Figure 2. Gemini 3 Flash benchmark performance shows it to be a stellar AI model with high performance yet reasonable cost.

OpenAI released GPT 5.2 Codex, the specialized coding-optimized AI model based on GPT-5.2 and built for professional software engineering and complex coding. GPT 5.2 Codex supports agentic coding and terminal workflows, and its extended context of up to 400K token inputs with native context compaction enables large repository development and debugging. The model scores SOTA on benchmarks such as SWE-Bench Pro (56.4%) and Terminal-Bench 2.0 (64.0%), just ahead of GPT-5.2 itself, while OpenAI touts its skill in cybersecurity tasks based on various benchmarks. GPT‑5.2-Codex is available in OpenAI Codex interfaces for paid ChatGPT users, with API access coming soon.

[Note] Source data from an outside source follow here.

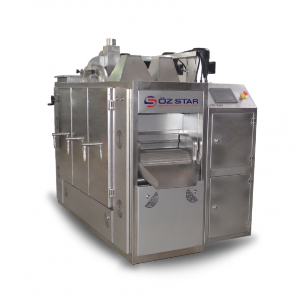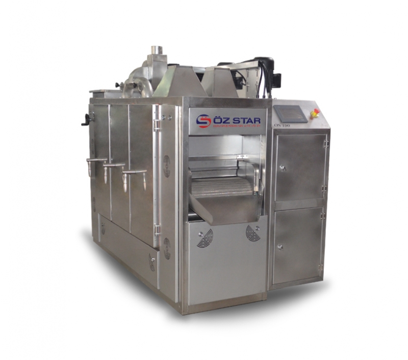 OS - 190 kuruyemiş kavurma makinası Avrupa Standartlarına uygun hafif endüstriyel uygulamalar için tek kademeli brülör ile çalışan kuruyemiş pişirme makinesidir.Kapladığı alan bakımından küçük ancak verdiği performans ile etkili üretim sağlayan iki kavurma ve tek soğutma hazneli bir elektirikli kuruyemiş pişirme fırınıdır.Bu bantlı kuruyemiş kavurma makinesi fosil yakıtlarla LPG,CNG ve DİESEL veya elektrikle çalıştıralabilir.Gaz brülörlerindeki gaz hiçbir şekilde kavrulan kuruyemişe temas etmez. Gelişmiş dokunmatik ekranlı kontrol paneli; kavurma haznelerindeki istenen sıcaklığı nemi konveyör hızını ayarlama esnekliği sunar.Bu elektrikli fırın isteğe bağlı olarak çalışan kendi kendini temizleme sistemine sahiptir.Gürültü emisyonlarını ve ısı dağılımını azaltmak için makina gelişmiş seramik elyaflardan izole edilmiştir.
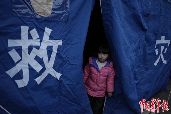 韓福成的兩個(gè)小女兒年紀(jì)小,對地震沒什么感覺,“還想著睡覺”;獨(dú)自在縣中寄宿的大女兒和老師在一起,“不冷,也不會很害怕”。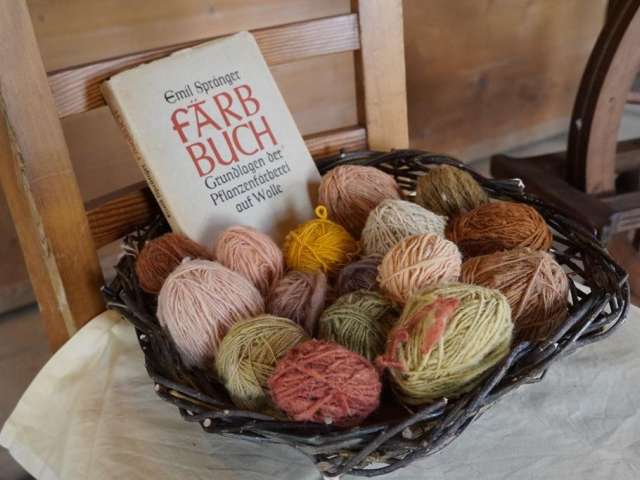 Zum Färben der Wolle können verschiedene Pflanzenteile wie Blätter, Blütenblätter, Beeren, Wurzeln oder teils Baumrinden verwendet werden. Nachdem die Wolle natürlich gebeizt und mit den Pflanzenteilen gekocht wurde, wird sie einige Wochen in die Sonne gestellt. Nach dem Spülen kann die Wolle gekardet, gesponnen, verzwirnt, verstrickt und verwoben werden. Lassen Sie sich die Schritte zeigen und staunen Sie über die Schönheit der natürlich gefärbten Wolle.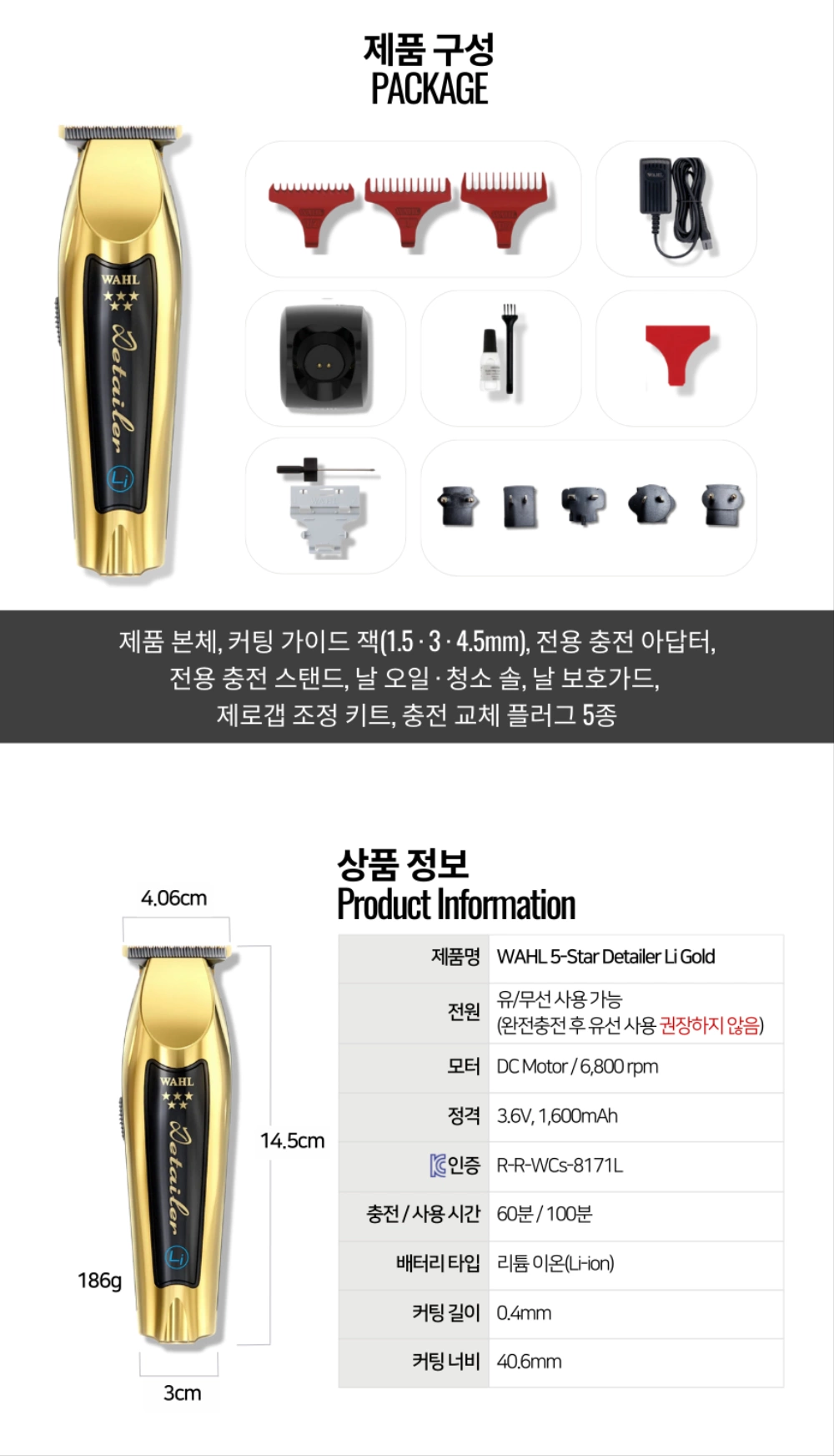 - [바리깡] WAHL 왈 디테일러 골드 무선 트리머

NVIDIA announced the Nemotron 3 family of open AI models and released Nemotron 3 Nano, featuring 30B total parameters with 3B active parameters at inference. Nemotron 3 Nano offers excellent performance with high inference speed and low cost thanks to using a hybrid Mamba-MoE architecture and a robust training pipeline. As we shared in “Nemotron 3 Nano and Apriel-1.6-Thinker Advance Open Local AI,” Nvidia also released the training data, training recipes, and technical reports to the community, providing open access to large-scale AI development resources. This model can therefore be the base for highly efficient fine-tuned AI models.

OpenAI launched GPT Image 1.5, an updated image generation and editing model that offers higher quality, faster inference (four times faster), and lower cost (20% cheaper) than the original GPT Image model. GPT Image 1.5 supports fine-grained control over specific image regions and edits, and its text rendering is to the point of accurately reproducing a detailed page of text in an image. Its ability to easily recast consistent characters into new scenes makes faking photos easy.

OpenAI also released an updated ChatGPT Images, the Images feature within ChatGPT, powered by GPT-Image-1.5 for all users. GPT-Image-1.5 can be accessed with the updated Images in ChatGPT and is also available via API, where it can be used in third-party interfaces.

Figure 3. GPT-Image-1.5 generation examples of restyles with consistent characters. The Kim family image characters went scuba diving, were astronauts the moon, got chased by a Yeti while mountain climbing, rode a dragon, and got turned into plush toy characters, all from the safety of an AI prompt.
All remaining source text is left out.